Biophysics and Soft Matter Seminar

Everything as code

David van Valen, Division of Biology & Biological Engineering

California Institute of Technology

Location: P8445.2

Thursday, 13 October 2022 10:30AM PDT


Biological systems are difficult to study because they consist of tens of thousands of parts, vary in space and time, and their fundamental unit—the cell—displays remarkable variation in its behavior. These challenges have spurred the development of genomics and imaging technologies over the past 30 years that have revolutionized our ability to capture information about biological systems in the form of images. Excitingly, these advances are poised to place the microscope back at the center of the modern biologist’s toolkit.
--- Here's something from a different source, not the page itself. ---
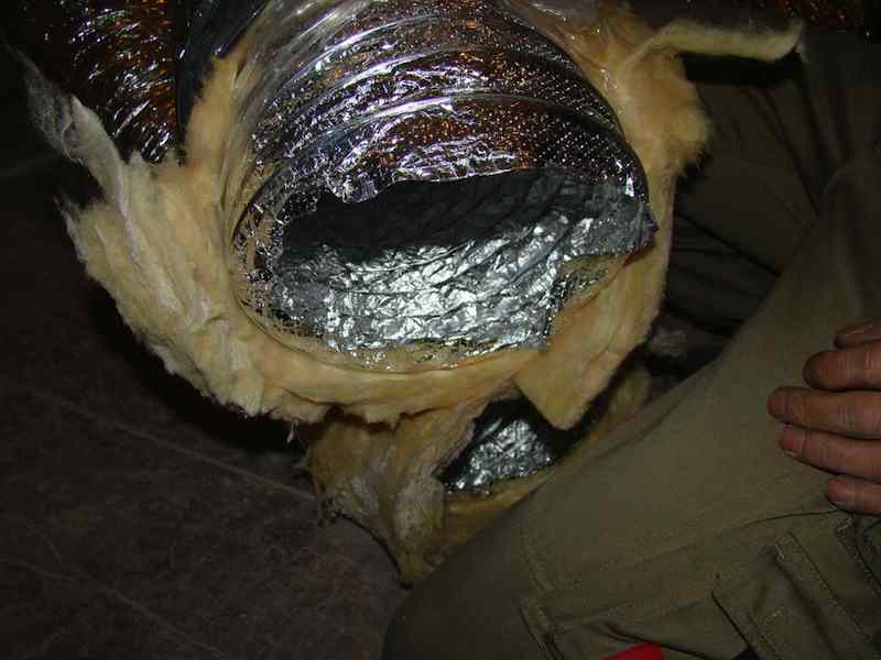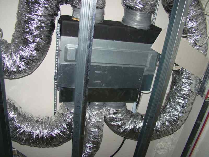 Die Inneneinheit hat einen Eingang vom Außengerät, mehrere weitere Schlauchein- und Ausgänge, 2 Luftausgänge und 2 Lufteingäne für die beiden Aufnahmekabinen und eine Zuleitung zur Fernbedinung. Der Luftstrom in den Räumen ist praktisch nicht hörbar, man spürt eben nur das Luft rauskommt. Nur im stärksten Modus sind minimale Geräusche zu hören. Die "Rohre" bestehen im Grunde aus Staniolpapaier mit Dämmwolle in 5 Schichten, dazu kleine Ringe zur Stbilität. Hier ein Foto davon:

Because we can now access temporal, spatial, and “parts list” variation via imaging, images have the potential to be a standard data type for biology.

For this vision to become reality, biology needs a new data infrastructure. Imaging methods are of little use if it is too difficult to convert the resulting data into quantitative, interpretable information. New deep learning methods are proving to be essential to reliable interpretation of imaging data. These methods differ from conventional algorithms in that they learn how to perform tasks from labeled data; they have demonstrated immense promise, but they are challenging to use in practice. The expansive training data required to power them are sorely lacking, as are easy-to-use software tools for creating and deploying new models. Solving these challenges through open software is a key goal of the Van Valen lab. In this talk, I describe DeepCell, a collection of software tools that meet the data, model, and deployment challenges associated with deep learning. These include tools for distributed labeling of biological imaging data, a collection of modern deep learning architectures tailored for biological image analysis tasks, and cloud-native software for making deep learning methods accessible to the broader life science community. I discuss how we have used DeepCell to label large-scale imaging datasets to power deep learning methods that achieve human level performance and enable new experimental designs for imaging-based experiments.